[Data extracted from a collection]
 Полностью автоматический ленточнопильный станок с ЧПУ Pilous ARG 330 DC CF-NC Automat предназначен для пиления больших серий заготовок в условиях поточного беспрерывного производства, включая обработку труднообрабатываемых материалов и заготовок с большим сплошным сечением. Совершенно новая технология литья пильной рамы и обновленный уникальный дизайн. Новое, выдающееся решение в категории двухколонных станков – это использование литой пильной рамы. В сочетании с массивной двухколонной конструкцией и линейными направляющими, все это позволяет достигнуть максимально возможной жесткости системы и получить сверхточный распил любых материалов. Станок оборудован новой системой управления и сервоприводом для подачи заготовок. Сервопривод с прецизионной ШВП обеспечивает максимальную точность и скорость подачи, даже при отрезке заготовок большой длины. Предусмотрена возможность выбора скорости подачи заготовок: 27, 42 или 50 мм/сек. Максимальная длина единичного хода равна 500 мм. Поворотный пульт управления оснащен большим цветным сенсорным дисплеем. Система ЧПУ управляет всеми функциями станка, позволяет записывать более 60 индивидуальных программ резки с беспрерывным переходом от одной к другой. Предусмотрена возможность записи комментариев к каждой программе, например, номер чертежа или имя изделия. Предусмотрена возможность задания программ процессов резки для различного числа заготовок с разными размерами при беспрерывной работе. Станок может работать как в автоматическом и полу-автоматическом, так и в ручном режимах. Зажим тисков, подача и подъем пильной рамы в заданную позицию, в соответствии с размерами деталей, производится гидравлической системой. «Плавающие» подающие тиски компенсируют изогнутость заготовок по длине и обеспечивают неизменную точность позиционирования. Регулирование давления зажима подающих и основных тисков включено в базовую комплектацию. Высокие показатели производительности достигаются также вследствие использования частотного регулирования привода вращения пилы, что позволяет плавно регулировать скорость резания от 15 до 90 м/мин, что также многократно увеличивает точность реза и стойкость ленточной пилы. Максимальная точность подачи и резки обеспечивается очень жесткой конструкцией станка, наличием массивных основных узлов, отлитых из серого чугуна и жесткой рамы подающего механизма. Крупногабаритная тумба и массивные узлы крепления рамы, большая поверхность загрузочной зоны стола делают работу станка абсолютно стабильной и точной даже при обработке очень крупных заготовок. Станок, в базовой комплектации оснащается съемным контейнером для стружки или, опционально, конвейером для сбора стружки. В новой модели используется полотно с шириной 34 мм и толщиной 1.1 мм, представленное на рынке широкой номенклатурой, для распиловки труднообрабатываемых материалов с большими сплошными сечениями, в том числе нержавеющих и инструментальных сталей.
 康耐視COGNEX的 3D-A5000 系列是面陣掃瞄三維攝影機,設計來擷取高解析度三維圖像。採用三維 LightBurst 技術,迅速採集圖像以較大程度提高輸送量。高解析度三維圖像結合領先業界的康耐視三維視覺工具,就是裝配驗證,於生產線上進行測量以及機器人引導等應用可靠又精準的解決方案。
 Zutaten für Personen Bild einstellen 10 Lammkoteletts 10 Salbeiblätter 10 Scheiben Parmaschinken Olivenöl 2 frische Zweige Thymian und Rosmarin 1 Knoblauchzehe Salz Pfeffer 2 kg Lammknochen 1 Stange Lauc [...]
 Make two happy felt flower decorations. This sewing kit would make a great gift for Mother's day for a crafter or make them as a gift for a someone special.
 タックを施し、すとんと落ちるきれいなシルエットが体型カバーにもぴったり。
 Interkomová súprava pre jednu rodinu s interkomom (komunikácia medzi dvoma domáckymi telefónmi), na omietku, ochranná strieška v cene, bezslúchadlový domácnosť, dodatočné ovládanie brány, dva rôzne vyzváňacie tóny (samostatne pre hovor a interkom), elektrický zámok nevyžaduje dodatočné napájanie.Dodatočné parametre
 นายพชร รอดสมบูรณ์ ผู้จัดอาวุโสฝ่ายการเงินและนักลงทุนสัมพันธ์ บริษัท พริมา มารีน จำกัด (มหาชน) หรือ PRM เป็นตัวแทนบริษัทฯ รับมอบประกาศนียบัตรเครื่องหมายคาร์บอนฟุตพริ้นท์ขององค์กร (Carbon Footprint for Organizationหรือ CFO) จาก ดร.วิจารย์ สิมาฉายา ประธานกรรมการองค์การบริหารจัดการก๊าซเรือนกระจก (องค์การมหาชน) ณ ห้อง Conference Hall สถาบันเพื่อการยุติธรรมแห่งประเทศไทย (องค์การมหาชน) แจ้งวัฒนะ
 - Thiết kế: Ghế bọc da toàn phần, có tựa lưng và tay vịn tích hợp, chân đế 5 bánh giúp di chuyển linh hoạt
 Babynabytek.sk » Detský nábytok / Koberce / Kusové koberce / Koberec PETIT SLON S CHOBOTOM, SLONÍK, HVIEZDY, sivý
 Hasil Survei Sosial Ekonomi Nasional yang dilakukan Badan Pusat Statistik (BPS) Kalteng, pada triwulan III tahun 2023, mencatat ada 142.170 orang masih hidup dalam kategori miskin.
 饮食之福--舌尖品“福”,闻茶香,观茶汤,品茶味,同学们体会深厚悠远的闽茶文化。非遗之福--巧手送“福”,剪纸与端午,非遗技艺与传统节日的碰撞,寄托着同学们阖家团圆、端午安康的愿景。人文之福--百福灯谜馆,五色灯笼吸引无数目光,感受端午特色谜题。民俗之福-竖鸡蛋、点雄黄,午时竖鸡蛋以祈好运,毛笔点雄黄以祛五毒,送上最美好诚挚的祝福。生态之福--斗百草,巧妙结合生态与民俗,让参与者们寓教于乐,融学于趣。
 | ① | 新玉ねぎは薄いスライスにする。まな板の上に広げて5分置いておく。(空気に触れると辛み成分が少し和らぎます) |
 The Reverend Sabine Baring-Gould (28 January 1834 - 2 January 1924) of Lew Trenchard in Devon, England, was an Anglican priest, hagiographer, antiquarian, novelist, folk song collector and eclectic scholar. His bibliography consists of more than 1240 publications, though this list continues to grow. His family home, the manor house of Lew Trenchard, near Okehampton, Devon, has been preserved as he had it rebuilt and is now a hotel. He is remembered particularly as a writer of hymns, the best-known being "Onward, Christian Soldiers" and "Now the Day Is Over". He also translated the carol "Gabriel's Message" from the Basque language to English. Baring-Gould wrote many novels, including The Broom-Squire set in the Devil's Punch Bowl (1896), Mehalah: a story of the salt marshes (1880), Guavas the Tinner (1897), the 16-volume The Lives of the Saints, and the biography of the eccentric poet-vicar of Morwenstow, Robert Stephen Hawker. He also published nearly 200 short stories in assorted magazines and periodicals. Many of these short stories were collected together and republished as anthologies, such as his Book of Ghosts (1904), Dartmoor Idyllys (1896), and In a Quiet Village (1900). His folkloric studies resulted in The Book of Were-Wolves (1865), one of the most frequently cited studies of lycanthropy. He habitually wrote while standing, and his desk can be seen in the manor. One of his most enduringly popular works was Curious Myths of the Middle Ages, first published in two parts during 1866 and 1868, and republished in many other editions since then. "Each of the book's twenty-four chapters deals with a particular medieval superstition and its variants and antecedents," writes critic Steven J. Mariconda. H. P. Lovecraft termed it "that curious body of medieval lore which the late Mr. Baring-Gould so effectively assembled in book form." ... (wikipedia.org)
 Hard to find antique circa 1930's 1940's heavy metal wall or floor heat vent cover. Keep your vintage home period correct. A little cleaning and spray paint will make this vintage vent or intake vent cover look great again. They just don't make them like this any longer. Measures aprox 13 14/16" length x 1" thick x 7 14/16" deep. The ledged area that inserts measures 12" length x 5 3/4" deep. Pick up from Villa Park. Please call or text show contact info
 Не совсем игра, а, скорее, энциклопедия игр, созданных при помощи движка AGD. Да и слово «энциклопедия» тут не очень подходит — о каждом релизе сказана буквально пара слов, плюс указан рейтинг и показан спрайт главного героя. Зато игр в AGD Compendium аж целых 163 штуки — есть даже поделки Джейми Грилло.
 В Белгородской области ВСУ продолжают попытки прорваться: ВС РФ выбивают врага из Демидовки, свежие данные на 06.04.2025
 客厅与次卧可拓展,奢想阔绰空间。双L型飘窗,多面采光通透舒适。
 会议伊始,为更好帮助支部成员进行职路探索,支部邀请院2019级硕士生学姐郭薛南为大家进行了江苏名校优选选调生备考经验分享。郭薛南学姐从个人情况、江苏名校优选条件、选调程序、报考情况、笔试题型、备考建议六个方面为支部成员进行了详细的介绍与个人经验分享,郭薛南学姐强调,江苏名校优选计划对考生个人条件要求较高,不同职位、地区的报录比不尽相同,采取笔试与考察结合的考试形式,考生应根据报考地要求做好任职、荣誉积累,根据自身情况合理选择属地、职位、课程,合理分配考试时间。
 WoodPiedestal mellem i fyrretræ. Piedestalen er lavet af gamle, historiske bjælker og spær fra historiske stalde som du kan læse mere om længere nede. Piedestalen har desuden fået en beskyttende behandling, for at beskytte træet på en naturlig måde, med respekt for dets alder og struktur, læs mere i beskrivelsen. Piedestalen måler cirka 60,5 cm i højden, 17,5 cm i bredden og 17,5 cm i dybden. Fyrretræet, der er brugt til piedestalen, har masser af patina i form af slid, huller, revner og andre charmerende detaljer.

(Prompt)
Give an exact reproduction of the lines from the one with "Не совсем игра, а, скорее, энциклопедия" to the final line of the entries, including both.

(Answer section)
 Не совсем игра, а, скорее, энциклопедия игр, созданных при помощи движка AGD. Да и слово «энциклопедия» тут не очень подходит — о каждом релизе сказана буквально пара слов, плюс указан рейтинг и показан спрайт главного героя. Зато игр в AGD Compendium аж целых 163 штуки — есть даже поделки Джейми Грилло.
 В Белгородской области ВСУ продолжают попытки прорваться: ВС РФ выбивают врага из Демидовки, свежие данные на 06.04.2025
 客厅与次卧可拓展,奢想阔绰空间。双L型飘窗,多面采光通透舒适。
 会议伊始,为更好帮助支部成员进行职路探索,支部邀请院2019级硕士生学姐郭薛南为大家进行了江苏名校优选选调生备考经验分享。郭薛南学姐从个人情况、江苏名校优选条件、选调程序、报考情况、笔试题型、备考建议六个方面为支部成员进行了详细的介绍与个人经验分享,郭薛南学姐强调,江苏名校优选计划对考生个人条件要求较高,不同职位、地区的报录比不尽相同,采取笔试与考察结合的考试形式,考生应根据报考地要求做好任职、荣誉积累,根据自身情况合理选择属地、职位、课程,合理分配考试时间。
 WoodPiedestal mellem i fyrretræ. Piedestalen er lavet af gamle, historiske bjælker og spær fra historiske stalde som du kan læse mere om længere nede. Piedestalen har desuden fået en beskyttende behandling, for at beskytte træet på en naturlig måde, med respekt for dets alder og struktur, læs mere i beskrivelsen. Piedestalen måler cirka 60,5 cm i højden, 17,5 cm i bredden og 17,5 cm i dybden. Fyrretræet, der er brugt til piedestalen, har masser af patina i form af slid, huller, revner og andre charmerende detaljer.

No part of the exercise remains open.